On US Forest Service land, observers report that 99% of fires are put out before they reach 300 acres. It's the other 1% that is of such great human concern. It's good to recognize the causes, to try to understand. The causes are singular... a convergence. In a place, a big one, usually with steep slopes, there converges
- low humidity,
- high temperatures (perhaps related to global warming)
- gusty wind, and
- a spark or fire source (with a probability related to road and human population nearness, even lightning strikes)
that together finds rich, abundant fuels. The losses and costs ... and first spark ... increase as people crowd into the borders of parks, forests, and public areas.
The fuel is of greatest concern of the faunal system manager. It is the only physical factor that he or she (faunal system managers, foresters and rangeland fire fighters) can readily influence (other than posting control crews). "Fuel" is another word for faunal food and cover. It is food for animals, food for insects and creatures upon which they feed, and stuff within which they live. Fuel is a mixture of the elements of changing faunal space over time. Foresters responsible for intense fires reduce the density of trees, remove surface fuels and those that allow fires to climb into trees. In the process they eliminate faunal spaces, those of the soil layers, the forage layers, and the nesting and insect-foraging layers. But in the process of eliminating some space, others may be created. Dead trees (snags) produce over time conditions for abundant insects for some species; some species of tree seeds are germinated by low intensity fires thus creating forage for some insects and big game. Ground litter (through which fire may sweep) is the home space of small birds and mammals and their insect and mollusc food supplies. The rodents spread the spores of fungi that produce root hairs for the trees, increasing "site index," the measure of tree growth potentials. Can we have one without the other? In what proportions? What to do...what to do?
The manager of lands for wild fauna need to
- have adequately equipped wildfire control systems in place
- have a plan for burning and removals of fuels (essential in carefully selected and timed actions)
- have a strategic prevention plan, one to reduce the unwanted fire "start"
- carefully compute the probable benefits from all of the resources of forest and rangeland space (species-specific trees, grass, and animals over a planning period of about 150 years) to a human population and assign the benefits expected "present" financial value)

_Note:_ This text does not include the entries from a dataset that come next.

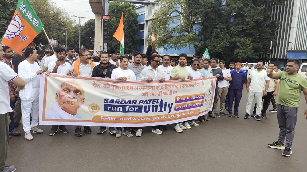 देश के लौह पुरुष सरदार वल्लभभाई पटेल की 150वीं जयंती के अवसर पर राजधानी रायपुर में एक बार फिर एकता, अखंडता और राष्ट्रीय समरसता का संदेश गूंजा 31 अक्टूबर को भारतीय जनता पार्टी,प्रदेश,जिला,युवा मोर्चा,मंडल, द्वारा 'Run for Unity' कार्यक्रम का भव्य आयोजन किया गया।
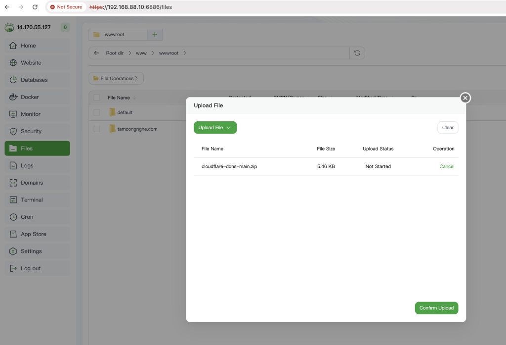 Tìm đến file cloudflare-ddns-main.zip trên máy của bạn, chọn nó rồi ấn Confirm Upload
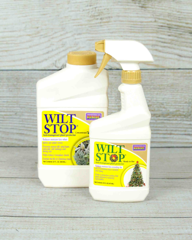 Protects plants from drying out, drought, wind burn, sunscald, winter kill, transplant shock and salt damage. Wilt Stop also extends the life of cut flowers. Great for use year-round on deciduous trees, evergreens, shrubs, roses, transplants, vegetables, fruits.
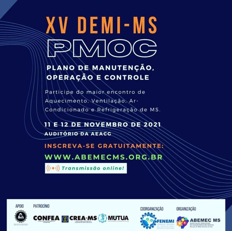 XV DEMI: PMOC – Plano de Manutenção, Operação e Controle nos dias 11 e 12/11/2021. Evento virtual on-line gratuito. Faça sua inscrição! Acesse:WWW.ABEMECMS.ORG.BR

- equally carefully, compute area-specific and species-specific probable loss (e.g., Alan Ager at aager@fs.fed.us) and compare 4 and 5
- compute wind-related tree moisture stress, soil moisture loss, bark beetle loss evidence, rain impact changes on soils and related silt and moisture runoff in areas of reduced tree-densities
- compute the relative costs of implementing the above, then compare that estimate to the estimated losses of the average of 100 simulated fires in areas without such planned action.
It's difficult; computers are needed; it may not be affordable. Once done, it does not have to be done in detail again ... just used for people and their lands and fauna.